(Dataset excerpts)
■ ■ ■
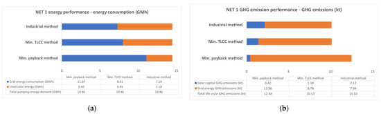 Energy and GHG emission performance of the three methods for NET 1: (a) Results of energy performance; (b) Results of GHG emission performance.
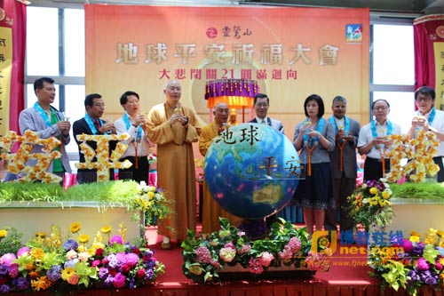 祈福大会于23日上午在灵鹫山无生道场的华藏海大殿展开,甫出关的心道法师率领闭关精进的信众们恭迎观音出关,并与萧万长、由普陀山佛教协会副会长净旻法师率领迎请团法师们及各界贵宾,把经过百万遍大悲咒祝福的净水洒向地球,希望众人齐心以各宗教最虔诚的礼赞,祝祷地球无灾无难、和谐平安。
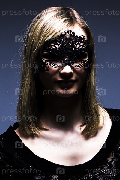 Девушка в маске из черного кружева
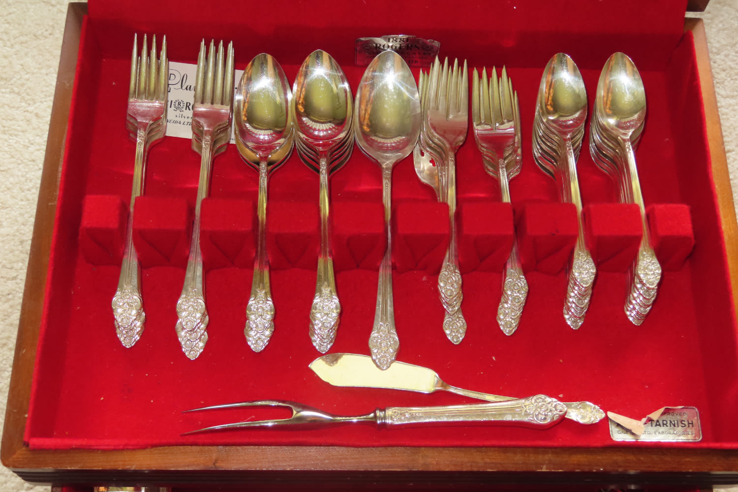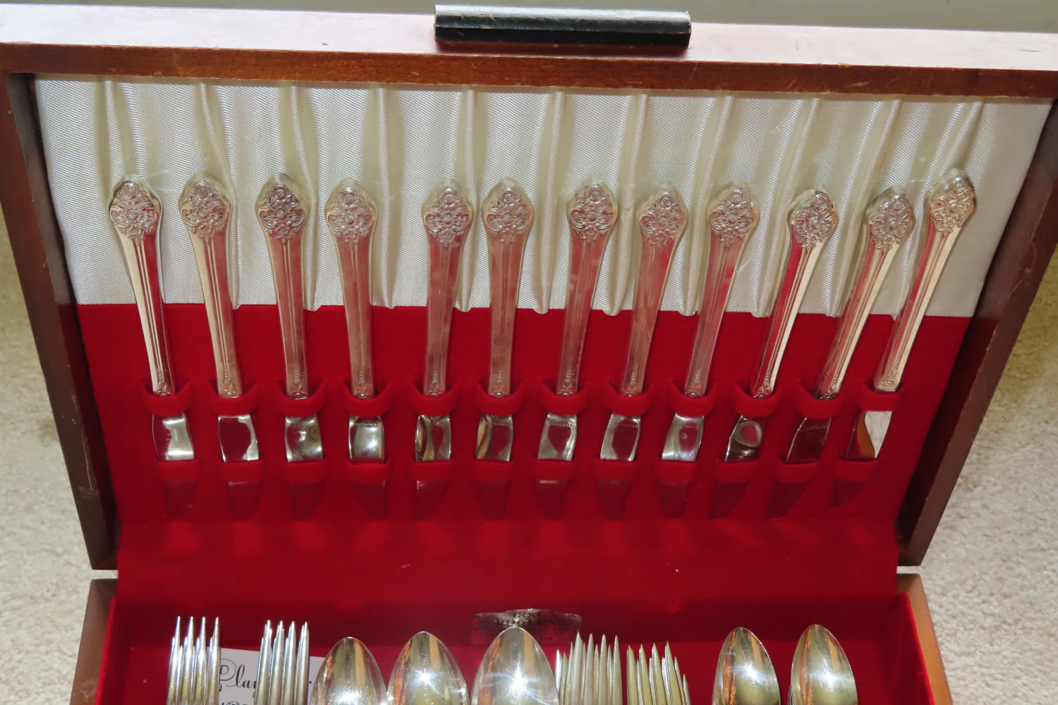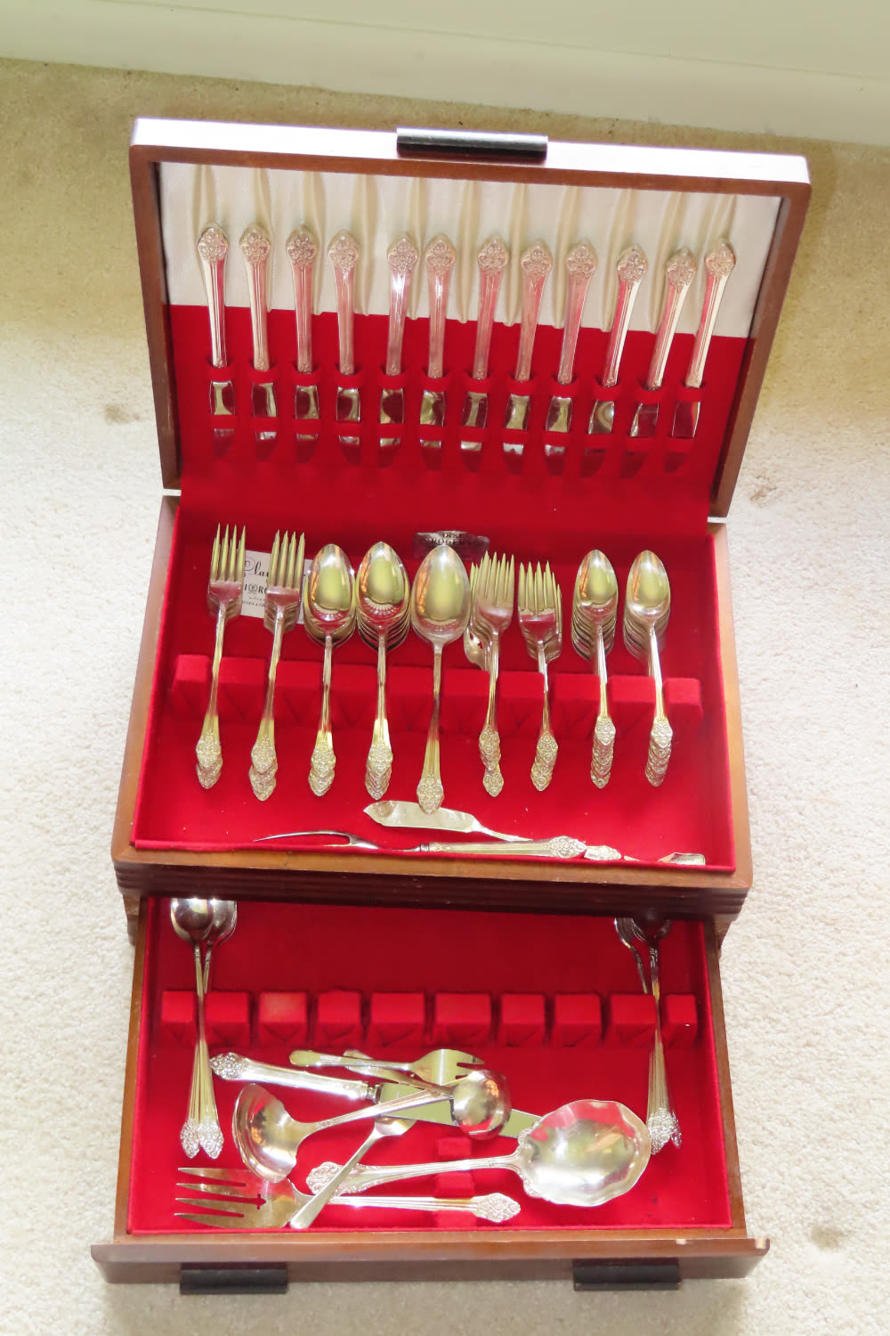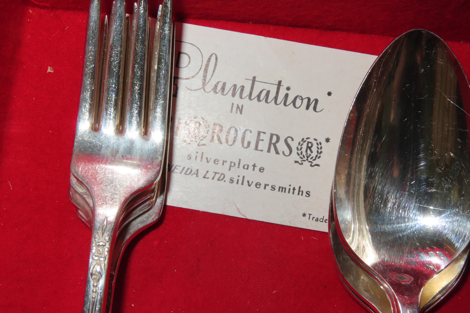 SILVER PLATED FLATWARE BY ONEIDA LTD SILVERSMITHS, “PLANTATION IN ROGERS” PATTERN 1881
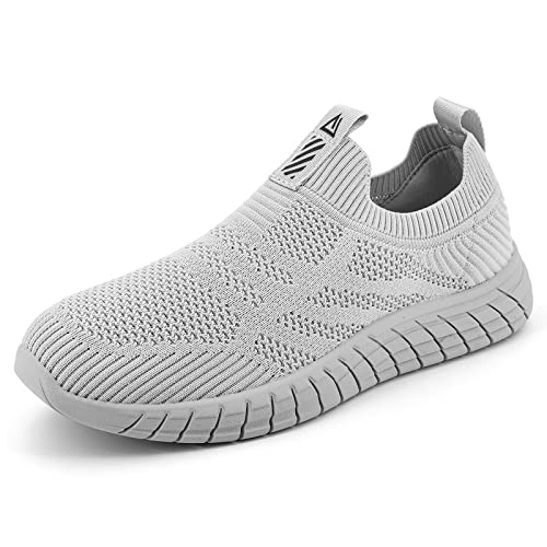 ODCKOI Slip On Sneaker män utan skosnören sneakers halkfria sportskor nät promenadskor löparskor för gator andas jogging sportskor, Ljusgrå, 46 EU
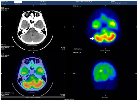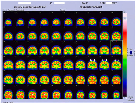 Tc−99m ECD SPECT stands as a pivotal non-invasive diagnostic tool in the realm of neurological assessment [], primarily chosen for its exceptional ability to evaluate brain blood perfusion. We employed a radiotracer, Tc-99m ECD, which is taken up by the brain’s vascular system and reflects regional cerebral blood flow (rCBF) []. SPECT imaging captures gamma rays emitted by the radiopharmaceutical, providing a 3D representation of blood perfusion in the brain. Unlike conventional anatomical imaging methods such as CT or MRI, Tc−99m ECD SPECT provides functional insights into the brain, offering a unique window into cerebral activity. What makes it particularly invaluable is its high sensitivity to changes in blood flow, enabling the detection of even subtle alterations, a feature crucial in diagnosing conditions affecting cerebral perfusion, including stroke, vascular disorders, and neurodegenerative diseases [].
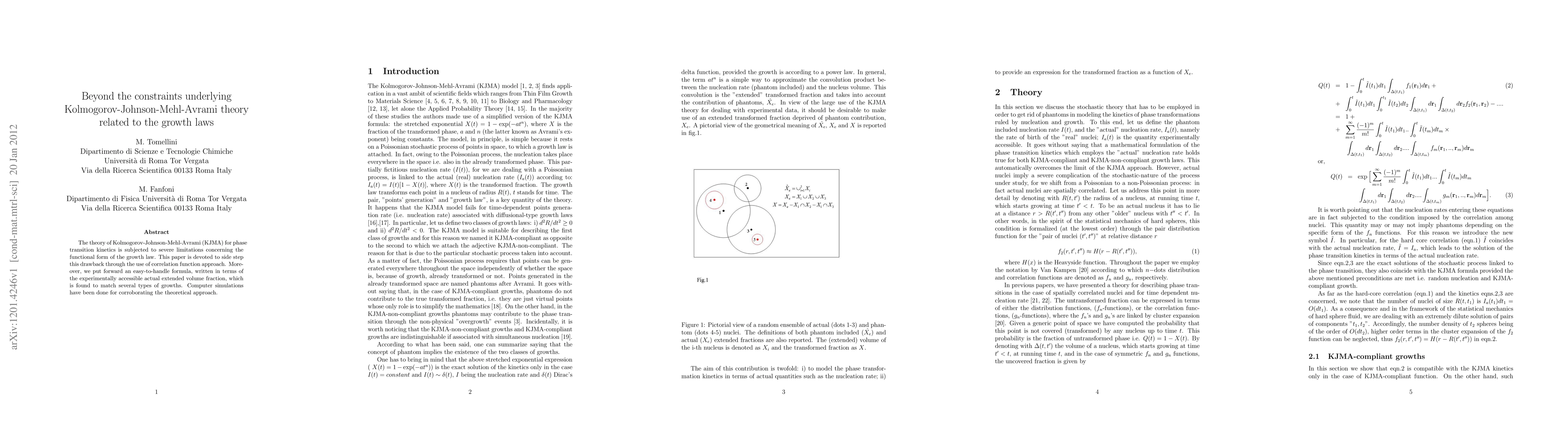 The theory of Kolmogorov-Johnson-Mehl-Avrami (KJMA) for phase transition kinetics is subjected to severe limitations concerning the functional form of the growth law. This paper is devoted to side step this drawback through the use of correlation function approach. Moreover, we put forward an easy-to-handle formula, written in terms of the experimentally accessible actual extended volume fraction, which is found to match several types of growths. Computer simulations have been done for corroborating the theoretical approach.
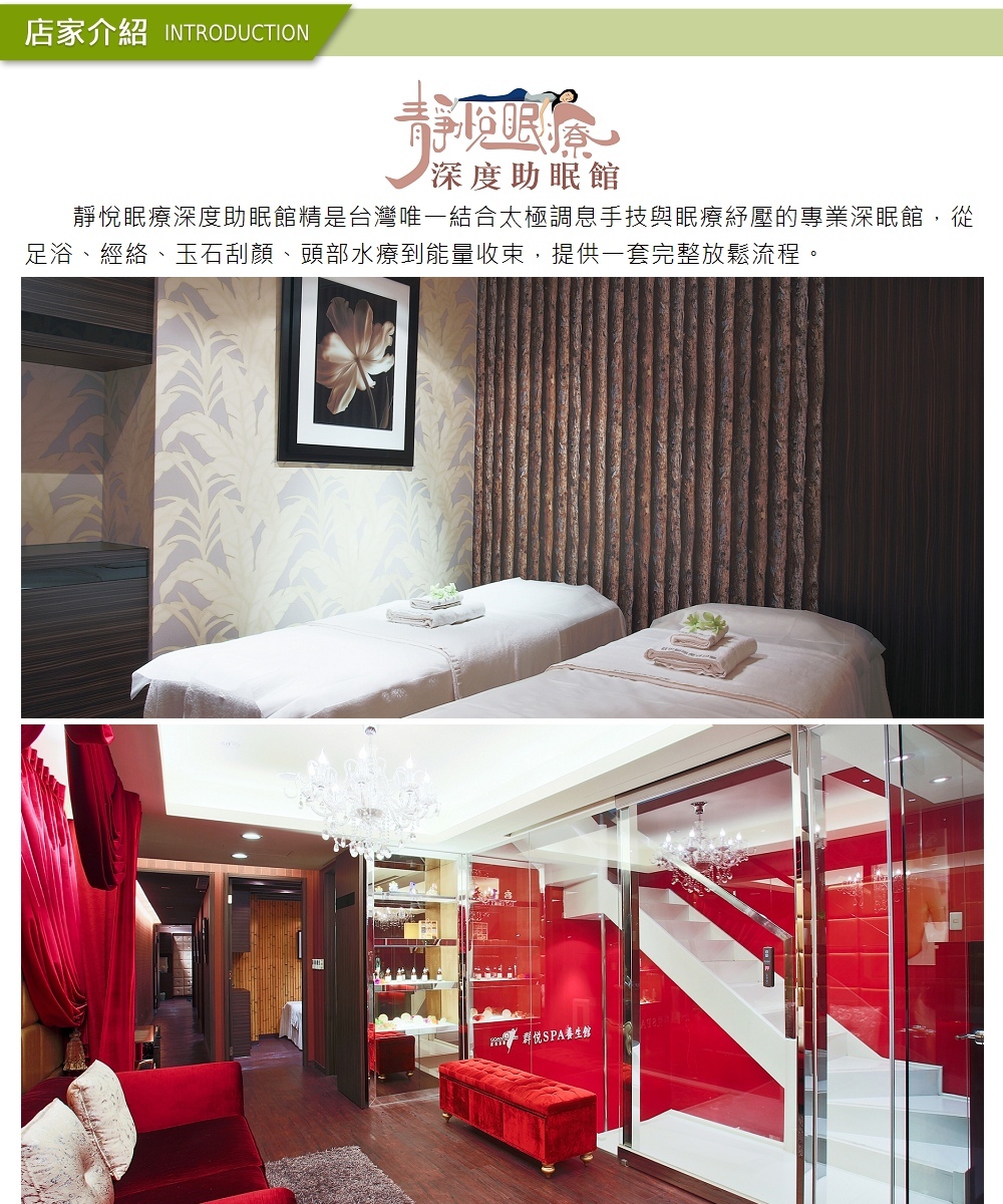 ※深度助眠課程:足浴暖身+背部及腿部按摩放鬆+頭部按摩放鬆+腿部舒緩按摩+芳香精油嗅吸放鬆+肩頸放鬆按摩+頭部舒緩按摩+臉部保濕面膜+頭部玉石刮療+淨化頭皮+順髮吹整,共計100分鐘。
■ ■ ■
Nothing but the pictures is to be left out; repeat the data exactly.

**Task output:**
 Energy and GHG emission performance of the three methods for NET 1: (a) Results of energy performance; (b) Results of GHG emission performance.
 祈福大会于23日上午在灵鹫山无生道场的华藏海大殿展开,甫出关的心道法师率领闭关精进的信众们恭迎观音出关,并与萧万长、由普陀山佛教协会副会长净旻法师率领迎请团法师们及各界贵宾,把经过百万遍大悲咒祝福的净水洒向地球,希望众人齐心以各宗教最虔诚的礼赞,祝祷地球无灾无难、和谐平安。
 Девушка в маске из черного кружева
 SILVER PLATED FLATWARE BY ONEIDA LTD SILVERSMITHS, “PLANTATION IN ROGERS” PATTERN 1881
 ODCKOI Slip On Sneaker män utan skosnören sneakers halkfria sportskor nät promenadskor löparskor för gator andas jogging sportskor, Ljusgrå, 46 EU
 Tc−99m ECD SPECT stands as a pivotal non-invasive diagnostic tool in the realm of neurological assessment [], primarily chosen for its exceptional ability to evaluate brain blood perfusion. We employed a radiotracer, Tc-99m ECD, which is taken up by the brain’s vascular system and reflects regional cerebral blood flow (rCBF) []. SPECT imaging captures gamma rays emitted by the radiopharmaceutical, providing a 3D representation of blood perfusion in the brain. Unlike conventional anatomical imaging methods such as CT or MRI, Tc−99m ECD SPECT provides functional insights into the brain, offering a unique window into cerebral activity. What makes it particularly invaluable is its high sensitivity to changes in blood flow, enabling the detection of even subtle alterations, a feature crucial in diagnosing conditions affecting cerebral perfusion, including stroke, vascular disorders, and neurodegenerative diseases [].
 The theory of Kolmogorov-Johnson-Mehl-Avrami (KJMA) for phase transition kinetics is subjected to severe limitations concerning the functional form of the growth law. This paper is devoted to side step this drawback through the use of correlation function approach. Moreover, we put forward an easy-to-handle formula, written in terms of the experimentally accessible actual extended volume fraction, which is found to match several types of growths. Computer simulations have been done for corroborating the theoretical approach.
 ※深度助眠課程:足浴暖身+背部及腿部按摩放鬆+頭部按摩放鬆+腿部舒緩按摩+芳香精油嗅吸放鬆+肩頸放鬆按摩+頭部舒緩按摩+臉部保濕面膜+頭部玉石刮療+淨化頭皮+順髮吹整,共計100分鐘。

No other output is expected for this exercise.